- **Work item**: Return the line that has "Каменный сахар, бабочка, серьги-гвоздики" and all lines below it through the last, exactly as they stand; omit pictures.
BEGIN The data
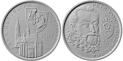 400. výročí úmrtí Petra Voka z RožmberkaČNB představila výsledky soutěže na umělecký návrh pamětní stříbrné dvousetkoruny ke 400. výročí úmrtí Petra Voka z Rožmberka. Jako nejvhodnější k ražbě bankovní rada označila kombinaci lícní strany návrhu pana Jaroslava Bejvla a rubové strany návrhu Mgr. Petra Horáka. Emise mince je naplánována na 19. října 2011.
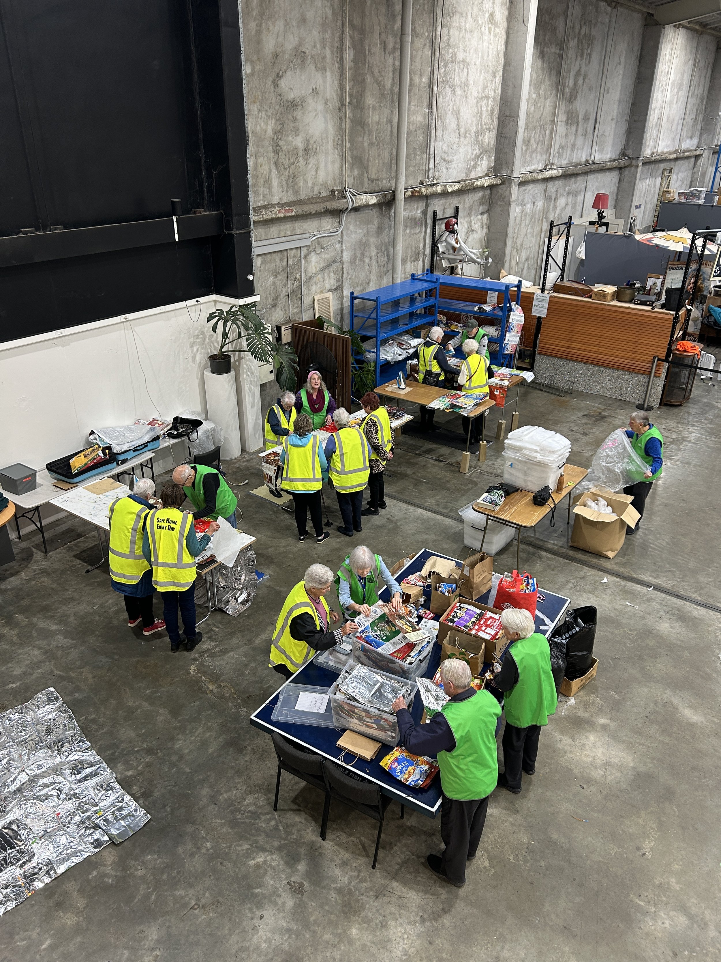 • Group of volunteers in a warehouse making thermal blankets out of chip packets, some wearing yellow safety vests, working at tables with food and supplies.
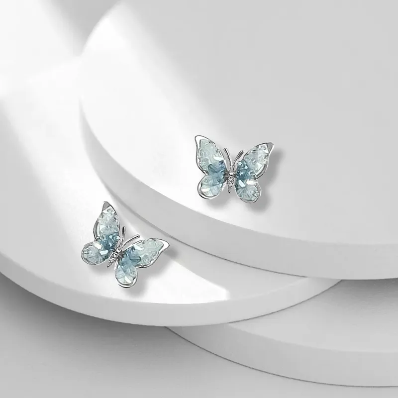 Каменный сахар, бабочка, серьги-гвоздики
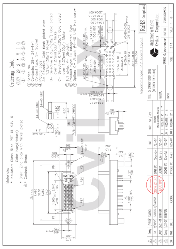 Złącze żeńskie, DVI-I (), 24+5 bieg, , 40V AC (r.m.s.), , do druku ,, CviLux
END The data
- **Problem solution**:
 Каменный сахар, бабочка, серьги-гвоздики
 Złącze żeńskie, DVI-I (), 24+5 bieg, , 40V AC (r.m.s.), , do druku ,, CviLux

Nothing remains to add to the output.